BibTeX parser for Python

These details have not been verified by PyPI

Project links

Project description

citerra

BibTeX parser for Python.

citerra parses, validates, edits, and writes BibTeX documents. It supports strict parsing by default, opt-in tolerant recovery, diagnostics with source locations, raw-text retention, source-preserving writes, name/date/identifier helpers, and plain-record projection for application code.

The package is distributed as ABI3 wheels for Python 3.8 and newer.

Performance Snapshot

Measured on tests/fixtures/tugboat.bib: 2,701,551 bytes, 73,993 lines, and 3,644 entries. Hardware was AMD Ryzen 5 5600G, 6 cores / 12 threads. Measured on 2026-05-13 with Python 3.11.14; throughput is input-size normalized.

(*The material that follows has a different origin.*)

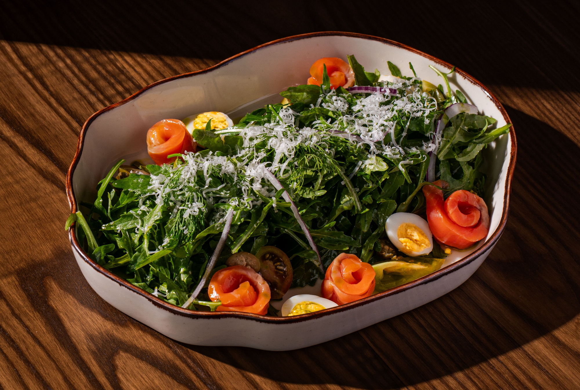 rocket, smoked salmon, quail eggs, cherry tomatoes, red onion, parmesan

For a BibTeX parser, the relevant speed measurements are:

Workload	Why it matters	`citerra` result
Structured parse	Load a bibliography into entries and fields for application logic	0.058 s, 44.3 MiB/s
Source-preserving parse	Keep raw text, source locations, diagnostics, and source-order blocks for tools	0.065 s, 39.9 MiB/s
Raw-preserving write	Write retained source text after low-churn edits	0.003 s, 953.2 MiB/s
Normalized write	Serialize structured data with configured formatting	0.014 s, 181.3 MiB/s

The comparison used citerra 0.2.3, bibtexparser 1.4.4, bibtexparser 2.0.0b9, and pybtex 0.26.1. citerra structured parse disables source capture and raw preservation for the closest parser-output comparison. Relative time is normalized to the first row in each table.

Python parser / mode	Version	Output retained	Median parse time	Throughput	Approx. entries/s	Relative time
`citerra` structured parse	0.2.3	Entries, fields, strings, comments, preambles	0.058 s	44.3 MiB/s	62.8k	1.0x
`citerra` source-preserving parse	0.2.3	Structured data, raw text, locations, diagnostics	0.065 s	39.9 MiB/s	56.1k	1.1x
`bibtexparser` parse	2.0.0b9	Entries/library model	0.372 s	6.9 MiB/s	9.8k	6.4x
`pybtex` parse	0.26.1	Bibliography data	0.859 s	3.0 MiB/s	4.2k	14.8x
`bibtexparser` parse	1.4.4	Entries/database model	10.483 s	0.2 MiB/s	0.35k	180.1x

Python writer / mode	Version	Median write time	Throughput	Relative time
`citerra` raw-preserving write	0.2.3	0.003 s	953.2 MiB/s	1.0x
`citerra` normalized write	0.2.3	0.014 s	181.3 MiB/s	5.3x
`bibtexparser` write	1.4.4	0.106 s	24.3 MiB/s	39.2x
`bibtexparser` write	2.0.0b9	0.493 s	5.2 MiB/s	182.2x
`pybtex` write	0.26.1	3.942 s	0.7 MiB/s	1458.5x

The workflow table below sums the median parse and write measurements from the same run. It is a round-trip estimate for parse-edit-write workloads, not a separate end-to-end benchmark.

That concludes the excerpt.